I, like other pp's, feel dh and I fall into both categories. I sometimes call us "stealthy helicopters" though... like when we were on a cruise, my kids on one of the last days wanted to try the kids club... now, I had already first-hand witnessed a Kids Club employee losing a 3yo kid in the buffet diningroom... I didn't agree w/ the club also having a ship-wide scavenger hunt for the 9yo group (they went out in small groups of kids - all strangers to each other - and no supervision) to find stuff all around the ship. No, my kids were not allowed to do that one. So dh and I allowed our kids to do the club, but we stationed ourselves in comfy lounge chairs outside the club on the deck. Then when ds7's group was going down to the promenade to perform a little show, we secretly followed them from the kids club to the diningroom, watched the show w/ all the other parents, then secretly followed them back up. After seeing the "full attention" of the Kids Club employee losing that 3yo, I just wasn't comfortable. But I've always been that way w/ people watching my kids. I've been on too many field trips when we used to go to school, kids getting lost on the field trip because the teacher or parents assigned to that kid just pays attention to their own kid, etc. I always went on the field trips.

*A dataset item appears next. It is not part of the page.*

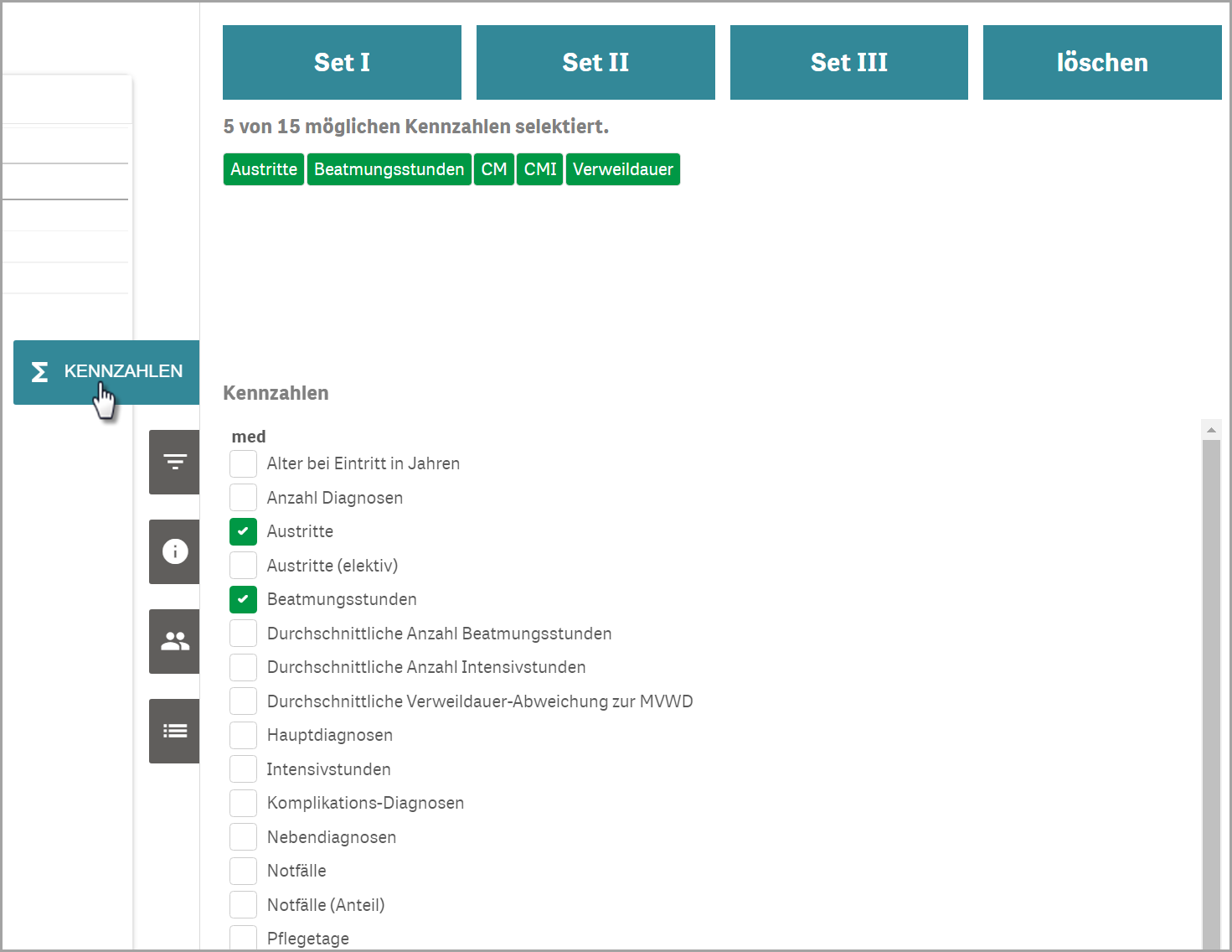 Die Kennzahlen werden per Mausklick eingeblendet oder auch ausgeblendet.

Now, I can be a mooing free ranger too... my ds9 plays x-box live, and swears his head off, so does dd11 (but she doesn't swear as much). They know it's "x-box talk". I could give a rats rear-end about that. They've had a couple of issues happen too from the x-box live thing - some perv told my ds a web address of a gay porno site - ds looked for a second (thank goodness the first page wasn't horrible), but he was horrified and came to me right away. The funny thing was (to me as an adult), the men on the cover page all had beards for some reason and were just standing in a semi-sideways row (so you couldn't see any private parts, but they were all naked), but I guess because of the beards, ds said "it's a bunch of naked HOBO's!!) I LOLed privately at that one.

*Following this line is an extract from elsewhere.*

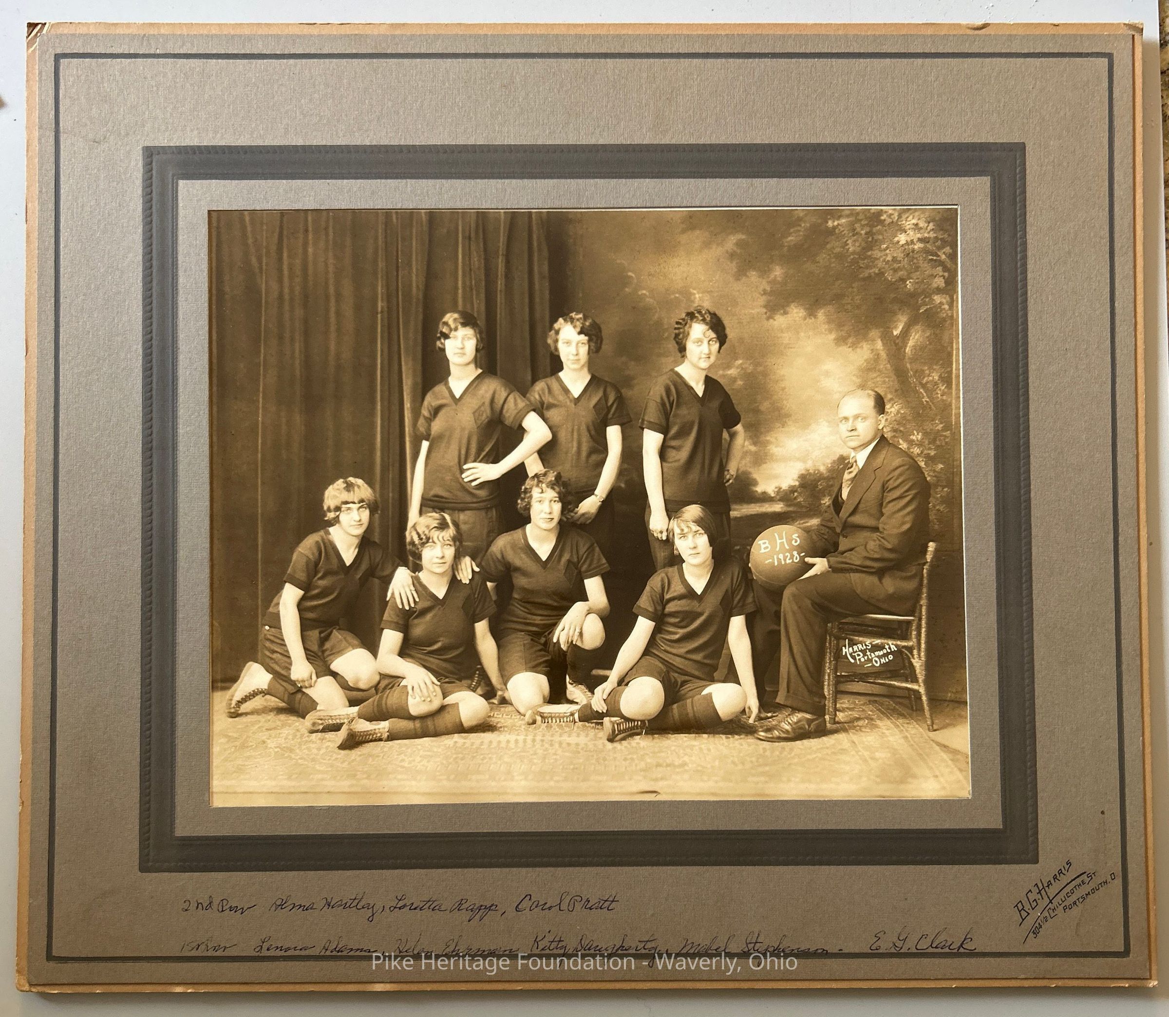 1928 Beaver high school girls basketball team. First row left to right: Lenora Adams, Helen Ehrman, Kitty Daughtery, Mabel Stephenson, and E. G. Clark. Second row, Alma Hartley, Loretta Rapp, and Carol Pratt.Collection

DD got sent (I didn't know you could send pics on x-box) a pic of a boys private parts (he obviously took the pic himself from the angle). She came right to me. She said "I know what it looks like, I have a brother" (the kids are still very open w/ nudity around our house), so that's not what upset her. She was just very mad at her "friend" to be so rude and inappropriate (her words). She unfriended him and we reported him. But such is life in these modern days of technology. They both learned valuable life lessons those 2 days.

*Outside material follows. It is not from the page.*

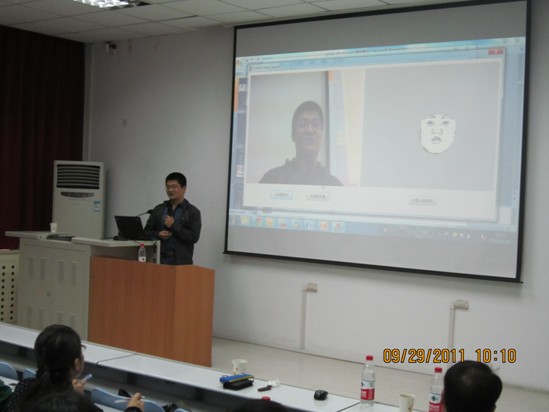 9月29日上午,在電子工程學院報告廳劉教授首先做了題為“What can we read from face images”的學術報告。劉教授首先簡要介紹了他所從事學術領域的研究現狀及發展前景,給出了他所帶領的課題組在人臉表情識別、人臉配準、人臉畫像識別、醫療圖像分析、視頻事件的檢測與分析等方面的研究進展與成果。

My one friend is horrified I allow the kids on x-box live, and these things happened (and that I allow them to curse on there). Another friend doesn't agree w/ ds9 having a 4-wheeler (he's had one since about 6yo). Other parents don't agree w/ ds having a bb gun when he was little, and now dh taking him to a shooting range w/ air rifles (or whatever they use). All safe, under the supervision of my dh all the time, but some parents are strictly against guns, and that's their right. I'd rather my ds learn from my dh all the proper safety issues and know how to shoot (we're not hunters though), AND how to safely ride a 4-wheeler.

Everyone makes their own decisions, and I think 99% of our kids are going to turn out fine, regardless of what we all disagree on as parents.